The Pathways to Success grant supports three community colleges (Hostos, LaGuardia and Borough of Manhattan) and a community-based organization (Public Health Solutions) to develop, expand and sustain supportive communities to help expectant and parenting teens/young adults maintain their health and meet educational or vocational goals. The funded projects collaborate with Title V programs such as MICHC and MIECHV for home visiting supports, and other programs to strengthen support networks and referral systems for pregnant and parenting teens and young adults in these communities.
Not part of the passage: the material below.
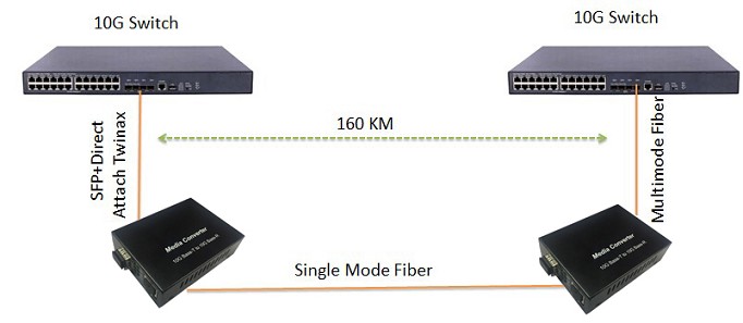 ►Extend the network distance between two 10 Gigabit Fiber Switches across a fiber link up to 80km in length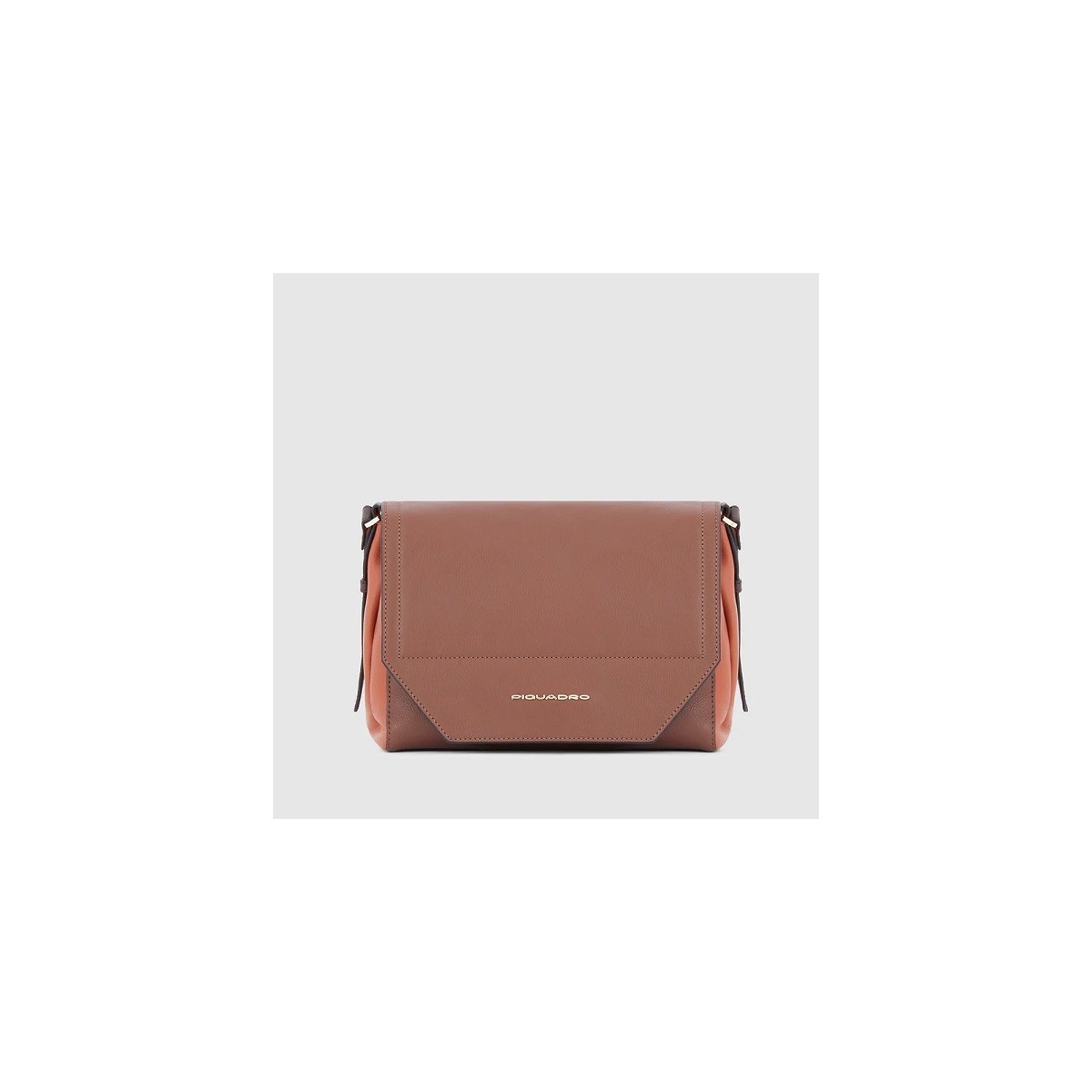 Damen-iPad-Minitasche von Piquadro aus der Circle-Kollektion, aus braunem und orangefarbenem Leder an den Seiten, mit fester Innenorganisation und Stoßschutz. Verstellbarer Schultergurt.

Pathways to Success utilizes an Asset and Risk Assessment Tool that assesses the student’s financial, social, and educational support, as well as mental health, employment status, housing, food, clothing, health care, transportation, parenting skills, and touches upon developmental assets in all eight categories. All students and community members enrolled in the initiative receive healthcare referrals for prenatal, interconception, and postpartum care, social service referrals to the Special Supplemental Nutrition Program for Women, Infants and Children’s program (WIC); local Department of Social Services (DSS); and educational or vocational supports to better ensure academic/career success. The goals of this program align with the Title V priorities including support and enhance adolescent social-emotional development and relationships, increase use of primary and preventive health care services, early identification and support for children’s special health care needs, and promote supports and opportunities that foster healthy and safe home and community environment.
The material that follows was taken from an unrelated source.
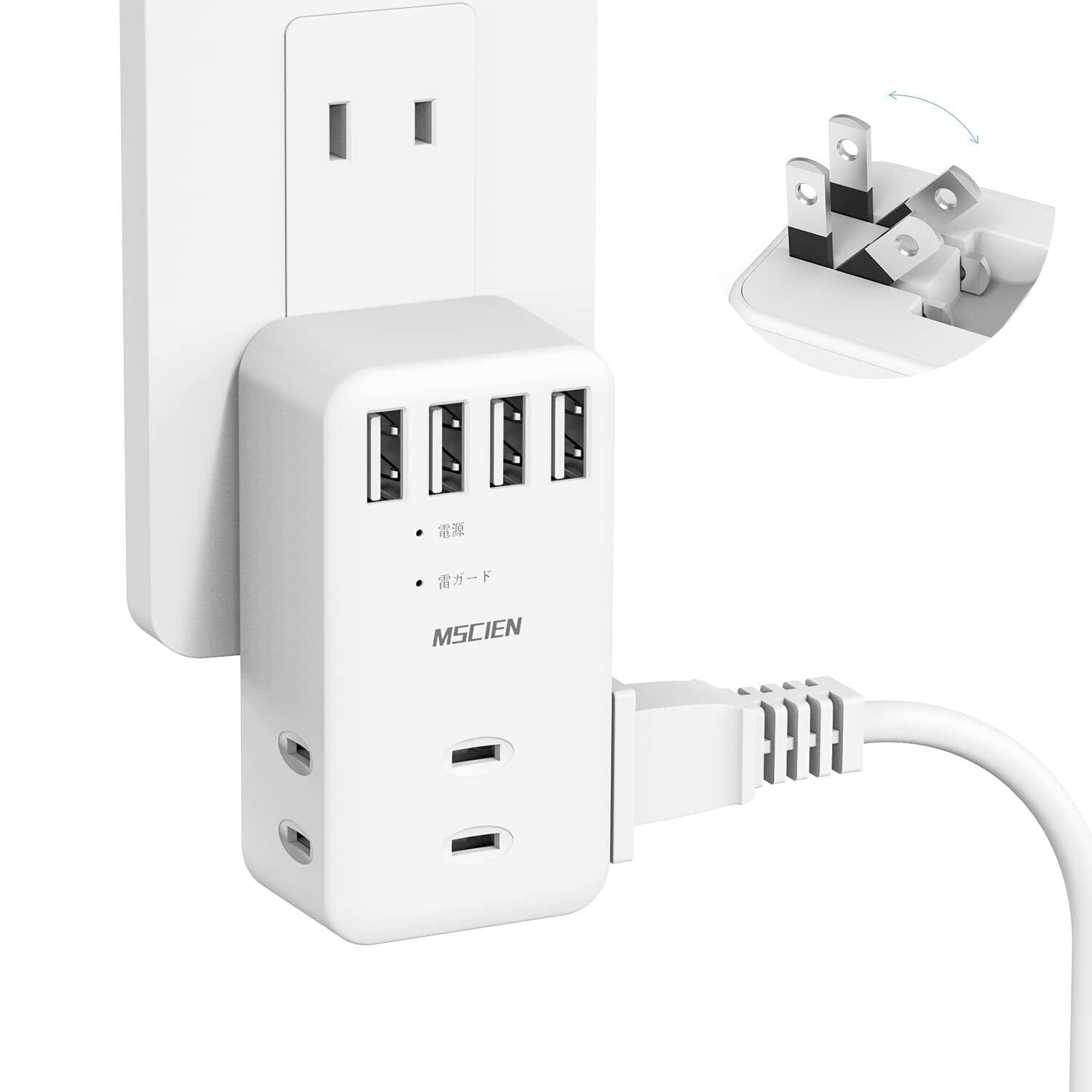 コンセント タップ usb 電源タップ USB 雷ガード コンセント 3個AC口4個USBポート たこあしコンセント 直挿しタップ oaタップ 分岐 充電タップ マルチタップ

From July 1, 2018 to June 30, 2019, the program served 737 expectant and parenting students or community members, developed 190 new partnerships, and made 817 referrals. The most frequently cited needs of the program participants were help obtaining information, resources, or services for emotional or parenting support; peer-to-peer education; community support; academic advisement; scholarships for single parents; vocational opportunities or employment services; and help with other daily living needs such as housing, transportation, childcare, supplies for their children, and food.
Due to the changing landscape of the health care system as well as standards of perinatal care, the NYSDOH is fully supporting efforts to update perinatal hospital standards in NYS. The NYS Title V program has developed a process to update standards for perinatal regionalization in NYS, re-designate all obstetrical hospitals and birthing centers, and develop standard metrics to assess maternal and neonatal outcomes to identify opportunities for quality improvement. This work began in 2017 and is jointly led by the NYSDOH Office of Primary Care and Health Systems Management (OPCHSM), which is responsible for regulatory oversight of hospitals, and is being accomplished in close partnership with key partners including birthing hospitals, clinicians, hospital associations, professional organizations and other key stakeholders.
To ensure standards for the NYS system of regionalized care aligned with current standard of practice, Title V staff began this initiative by researching standards of care for perinatal levels of regionalized care as well as conducting an extensive review of research and literature for evidence-based and promising practice. An expert panel, co-chaired by the Executive Director of American College of Obstetricians and Gynecologists District II of New York (ACOG-NY) and the Associate Commissioner of NYSDOH at the Western Region Office, was then established that consisted of maternal fetal medicine specialists, obstetricians and nurses for RPCs, Level III and Level II perinatal hospitals across NYS. In addition, the panel consisted of representatives from the NYSDOH OHIP, NYS Association of Licensed Midwives, Healthcare Association of NYS, Greater NY Hospital Association, Community Healthcare Association of NYS, March of Dimes, NYS Academy of Family Physicians, NYS Nurses Association, and representatives from health plans and the NYS Department of Financial Services. To gain a national perspective, the panel also included a representative from the Association of Women’s Health, Obstetric and Neonatal Nurses and a representative from the ACOG Maternal Care Consensus Panel from the University of North Carolina.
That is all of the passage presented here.